While buried in books like his, I am jolted by the news that Spain has begun to celebrate early the centennial of Ernest Hemingway. While men like Burnett Bolloten toiled like Benedictines, that huckster dashed off his trash and got the glory, the gold and the Nobel Prize for Literature. There are modern writers like Edith Pargeter (alias Ellis Peters) who keep alive the majestic cadence of traditional English. Hemingway persuaded the young and the Nobel Committee that his choppy style was the language of the times. It is not even good journalistic writing.

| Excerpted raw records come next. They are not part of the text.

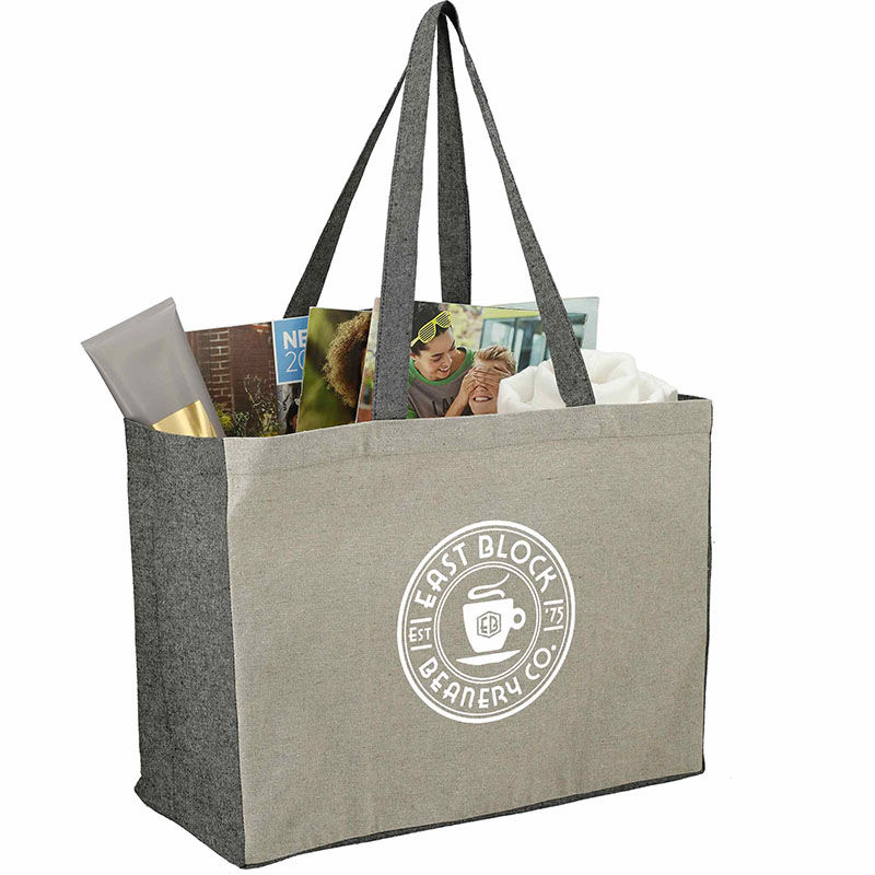 The Recycled Cotton Contrast Side Shopper Tote is made from eco-friendly, pre-consumer recycled cotton and features trendy color-contrasting sides.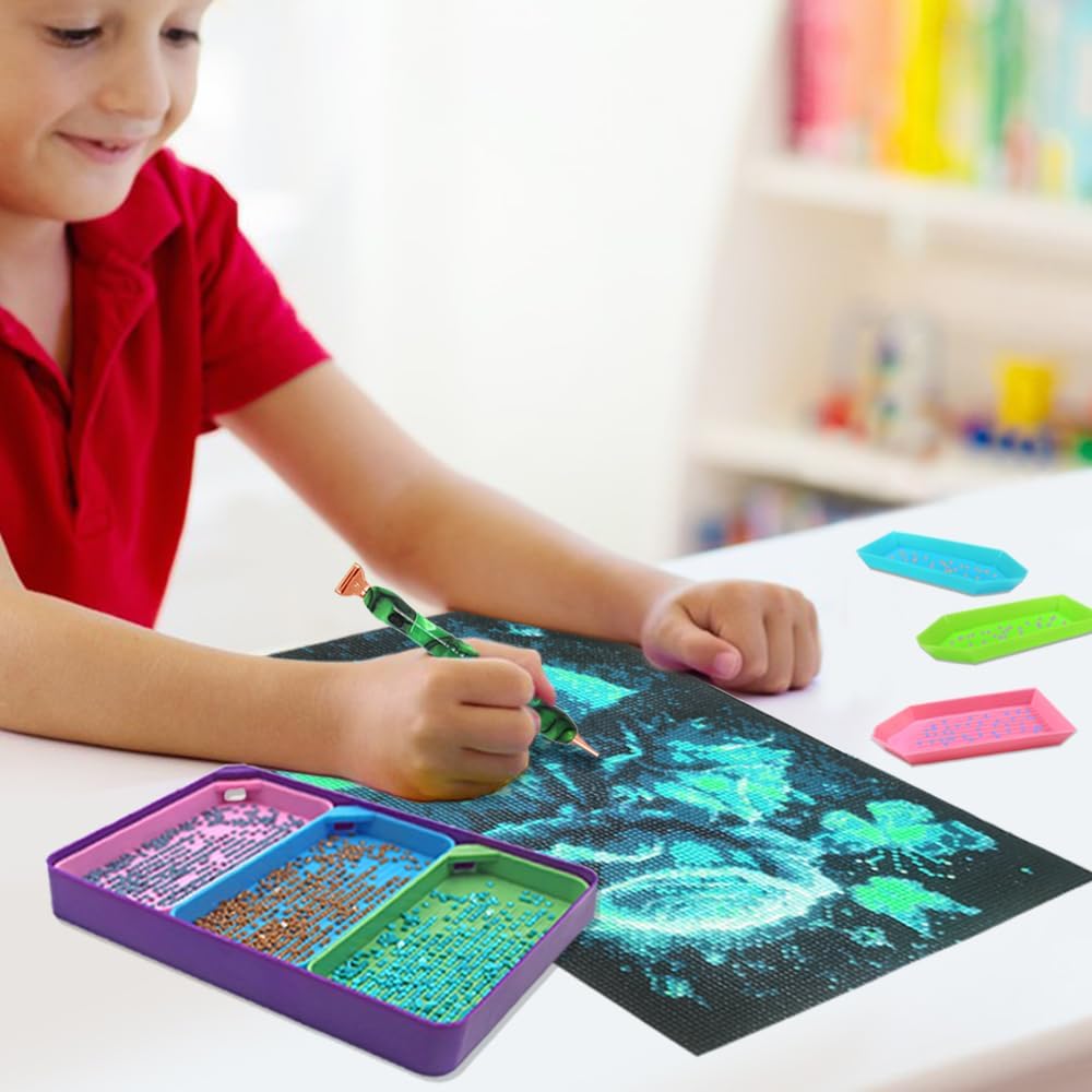- حفر سريع: كل صينية رسم فنية ماسية لنوع واحد من الخرز، يمكن فرز ألوان مختلفة من الخرز بشكل منظم، مما يجعل اللوحة الفنية الخاصة بك تعمل بكفاءة.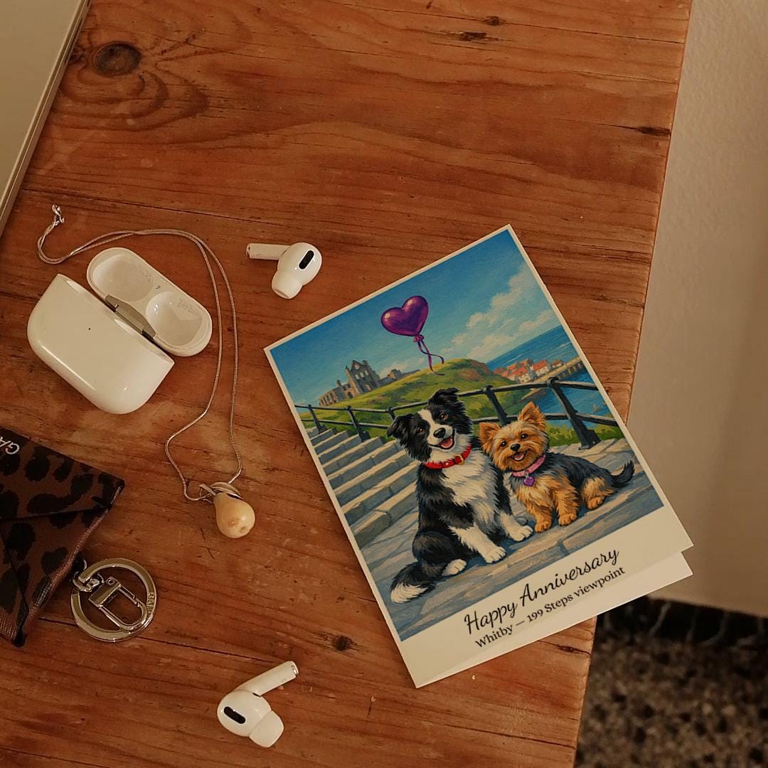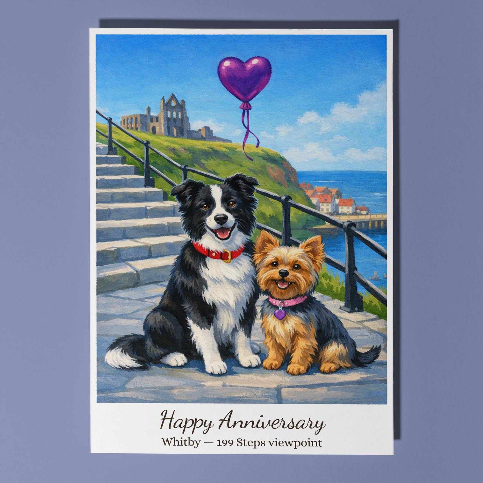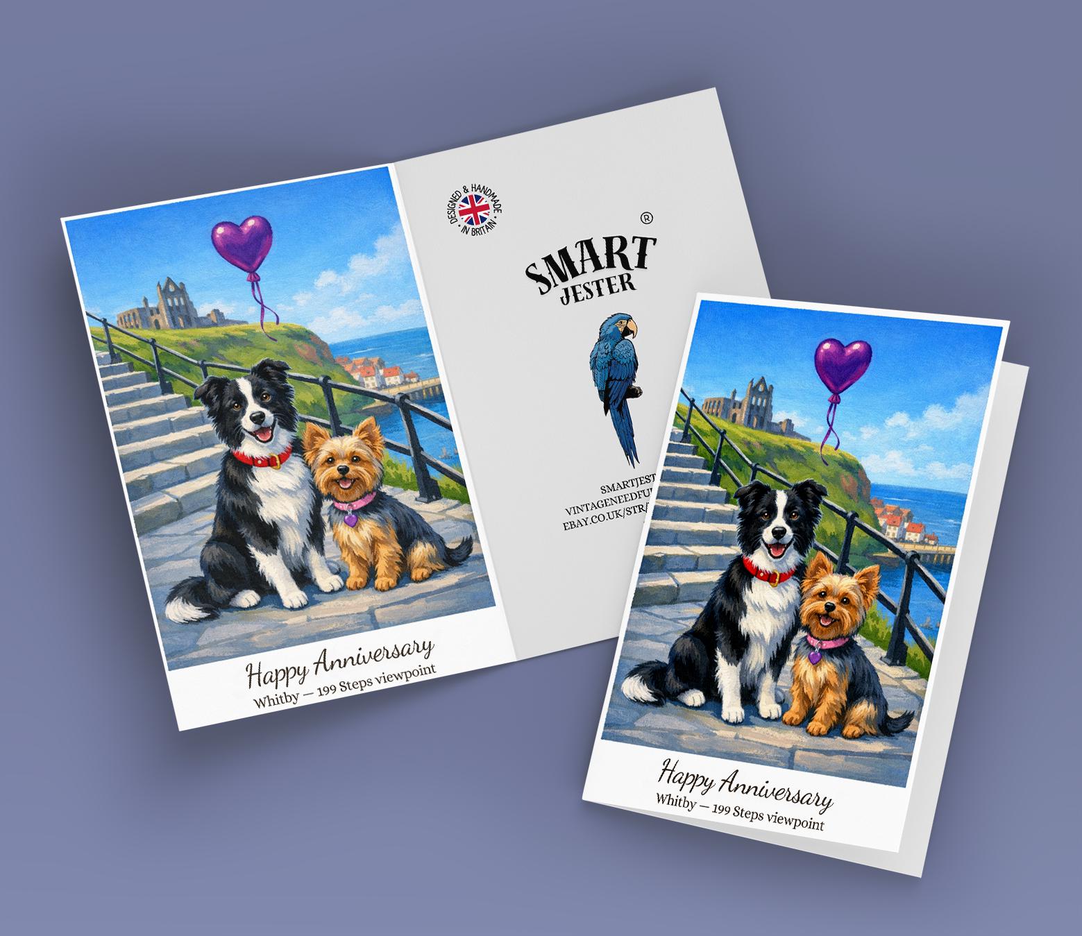 BLANK INTERIOR FOR A PERSONAL TOUCH: Our Paws & Places Collection - Whitby 199 Steps Viewpoint - Yorkshire Terrier and Border Collie Dogs Happy Anniversary Card and other whimsical designs feature a blank interior, giving you ample space to write a personal message from the heart. Perfect for any occasion, each card comes with a matching white envelope, making it easy to send your unique sentiments to loved ones.

Serious Spaniards and Hispanists have been trying to persuade an ignorant world (including Hemingway) that Spain is not the romantic country of Carmen, raw material for popular writers. Blasco Ibanez wrote his famous novel Blood and Sand (1908) about the transient glory of a bullfighter who was injured and forgotten as the mob cheered its next hero. The novel ends: "he wild beast was roaring, the real one"--in other words, the crowd, not the bull. As for Hemingway's craze for that "sport," I refer to earlier memos on the San Fermin festivities in Pamplona, exalted in his novel Fiesta (1927), which gave many American youths the idea that this was the way to excitement and even glory.
Hemingway's novel For Whom the Bell Tolls gave a simplistic vision on the Civil War in painful contrasts with the delicate, careful shading of the accounts referred to above. His criticism of Franco was really a passing phase. He went to live in Franco Spain in 1955, where he was befriended by Luis Castillo Puche, who wrote Hemingway in Spain (1974) praising his fascination with "death in the afternoon." Hemingway's obsession with death led to his suicide in 1961, an indication that as a man he was a mess.
Hemingway was born in 1899, but Castillo Puche has already organized a Hemingway exhibition in Madrid's Fine Arts Circle. The little-known Castillo Puche is not Boswell, and Hemingway is certainly not Dr. Johnson. While all this belies the idea of the moral and intellectual progress of humanity, at least the Spanish crowds have advanced to soccer, while bullfighting is going through death in the afternoon. Yet the bulls of Pamplona will remain a tourist attraction for young Americans. They are fortunately few in number compared with the number taking up soccer. There are no bull moms.